EL SÉPTIMO DOMINGO ORDINARIO

(Levítico 19:1-2.17-18; I Corintios 3:16-23; Mateo 5:38-48)

Se considera Abraham Lincoln el presidente estadounidense más cumplido.  Guió la nación por la gravosísima crisis de la guerra civil.  Más impresionante aún lo hizo con un sentido de compasión para sus enemigos.  En los últimos días de la guerra pidió una paz “con la malacia para ninguno y con la caridad para todos”.  No iba a exigir tributo de los derrotados.  Más bien quería ayudarles recuperar sus fuerzas.  Su planteamiento abarcó el mandamiento de Jesús en el evangelio hoy que amemos nuestros enemigos

Para implementar esto hemos de superar el impulso a odiar nuestros enemigos.  Cuando sentimos ofendidos, queremos repagar la injuria con aún más vehemencia.  Por eso las pandillas siguen matando al uno y el otro.  Pero Jesús quiere que sus seguidores se comporten en manera opuesta.  En lugar de maldecir a los enemigos, quiere que recemos por ellos.  Su lógica es clara pero sólo con dificultad se puede poner su mandamiento en práctica.  No obstante Jesús dice que para comprobarnos como hijos de nuestro Padre Dios, tenemos que actuar como Él. Desde que Dios ama a todos proveyendo lluvia y sol tanto a los malos como a los buenos, deberíamos imitar su bondad. 

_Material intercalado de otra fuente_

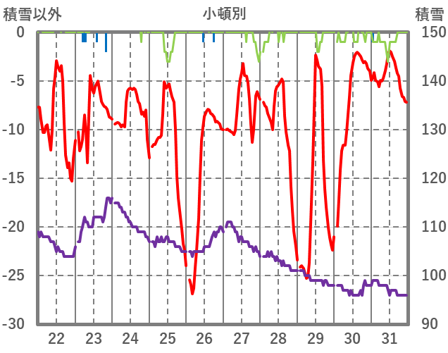 | 日 | 時 | 気温 | 降水 | 風向/風速 | 日照 | 積雪 | 降雪 |

En la primera lectura Dios no describe a sí mismo ni como bondadoso ni como perfecto.  Dice: “’yo soy santo’”.  Podemos preguntar si Jesús está cambiando el atributo más ilustre de Dios Padre de ser santo a ser amador.  Pero cuando averiguamos la cosa, descubrimos que por su santidad Dios ama al pueblo.  Por decir que Dios es santo, significamos que Él es más allá el alcance de la persona humana.  No obstante, Dios entró en una relación con los hombres.  Formó la alianza por la cual Israel prometió guardar su ley y Él protegería al pueblo.  Nunca en la historia se había oído de tal cercanía entre dioses y hombres.  Aquí tenemos la clave para contestar nuestra pregunta.  Pensábamos en la transcendencia en términos del espacio, pero en realidad tiene que ver con la cualidad de la persona.  Dios es transcendente en el sentido que es infinitivamente mejor que cualquier otro.  Nosotros nos hacemos perfectos como Dios cuando imitamos su amor.

Parece bien, pero ¿cómo vamos a asimilar el amor de Dios?  En la segunda lectura san Pablo recuerda a los corintios que son el templo del Espíritu Santo.  También somos nosotros su templo.  Este Espíritu nos capacita a amar aun los enemigos.  Una vez me dijo una mujer cómo su suegra le trataba muy mal.  Entonces la vieja se puso enferma y era la mujer maltratada que la cuidaba.  Se puede hacer este género de bondad con la gracia del Espíritu Santo.

Este miércoles entramos en la temporada de cuaresma.  Deberíamos aprovecharse de estos cuarenta días para asimilar el amor de Dios.  Queremos ayunar un poco, rezar un poco de más, y hacer esfuerzos ayudar a los menos afortunados.  Querría sugerir un ejercicio para aumentar nuestro amor a nuestros enemigos.  Que pensemos en una persona que nos ha hecho mal.  Puede ser la suegra o tal vez una maestra de escuela que no nos trataba justamente.  Recemos por esa persona cada día de la cuaresma.  No rezaremos que toque la lotería sino que venga a conocer la gracia de Dios. Será un ejercicio provechoso tanto por nosotros como por la otra persona.